Seizures

These result from an electrochemical disorder in the brain.  Brain cells use chemical reactions to produce electrical discharges. Each brain cell either excites or inhibits other brain cells with its discharges.  When the balance of excitation and inhibition in a region of brain is moved too far in the direction of excitation, then a seizure can result.

The type of seizure depends upon several factors. One of the most important factors is where in the brain the abnormal electrical discharge occurs.  The diagram below shows the four lobes of the brain (frontal, temporal, parietal and occipital) and where key regions of the brain are located. Strength and sensation are laid out along the border of the frontal and parietal lobes, with strength more toward the front (frontal) and skin sensation more toward the back (parietal) of the strip. 

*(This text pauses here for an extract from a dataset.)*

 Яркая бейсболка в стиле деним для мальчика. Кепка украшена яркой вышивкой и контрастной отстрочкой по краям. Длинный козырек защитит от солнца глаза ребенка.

The undersurface of the temporal lobe is particularly prone to have seizures.  The temporal lobes include the parts of the brain most commonly involved in adult epilepsy.  Such temporal structures are given Greek names, such as "amygdala" (almond) and "hippocampus"  (seahorse).  The amygdala and hippocampus are targets for surgical removal in surgery for epilepsy (see discussion later).  These structures are also involved in expression of emotionality and in ability to form memories.

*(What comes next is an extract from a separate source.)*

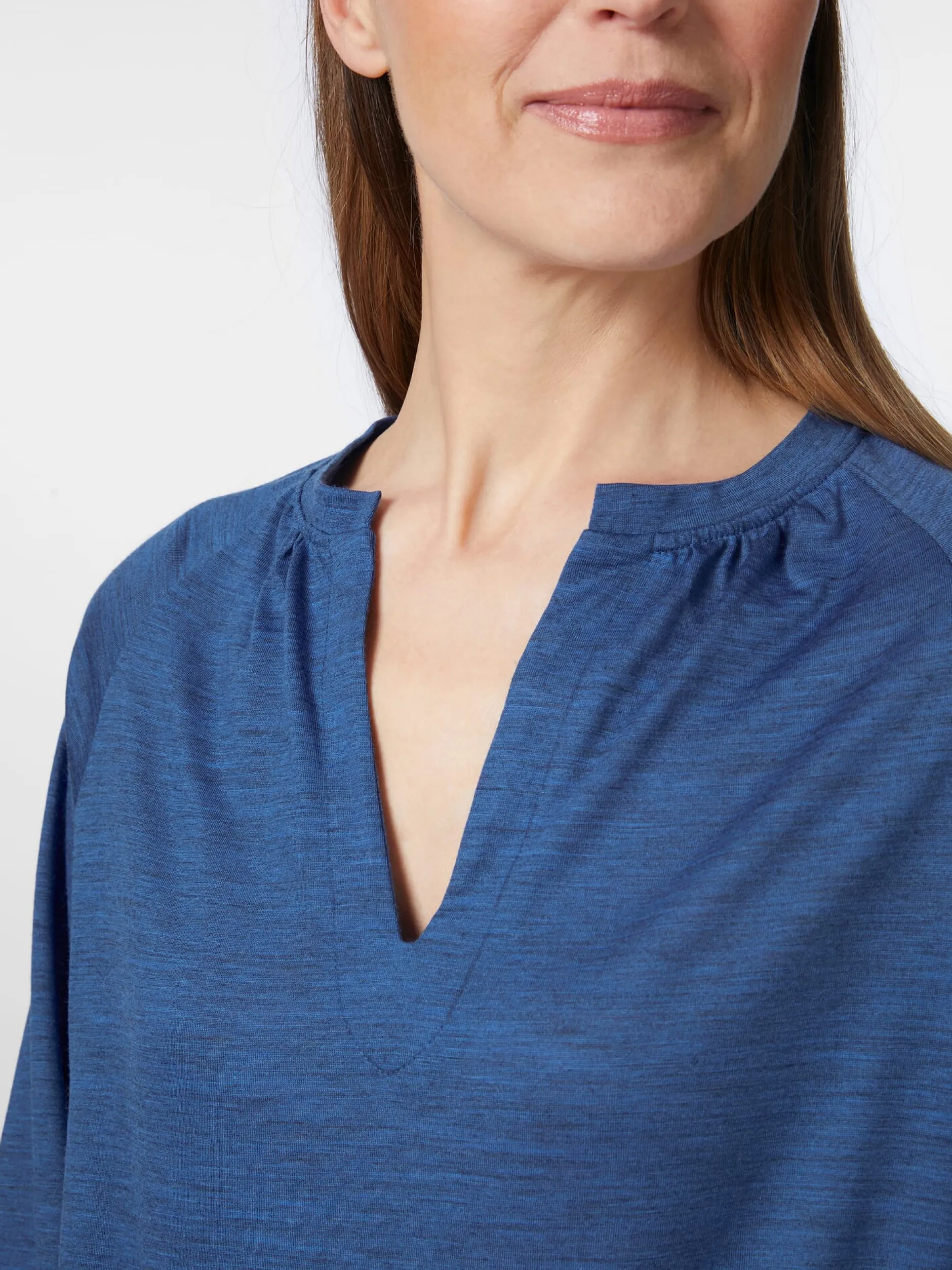 Passt zu eleganten wie zu lässigen Outfits: feminines Blusenshirt in leicht verspielter Optik: mit V-Ausschnitt und gerafften Partien am Halsausschnitt und an den elastischen Ärmelbündchen. Das feine, leichte Gestrick besteht aus reiner Schurwolle aus kontrolliert biologischer Tierhaltung – wärmend und temperaturausgleichend.

In simple terms, if an abnormal electrical discharge originates in motor cortex: the patient will experience a motor seizure; if in sensory cortex: a sensory perception; if in visual cortex: lights, flashes, or jagged lines.  Seizures in deep temporal lobe structures present with arrest of activities, loss of memory or awareness, and automatic (robot-like) behavior.  If a seizure spreads to all regions of brain, then a "grand mal convulsion" results, with loss of consciousness, stiffening and jerking.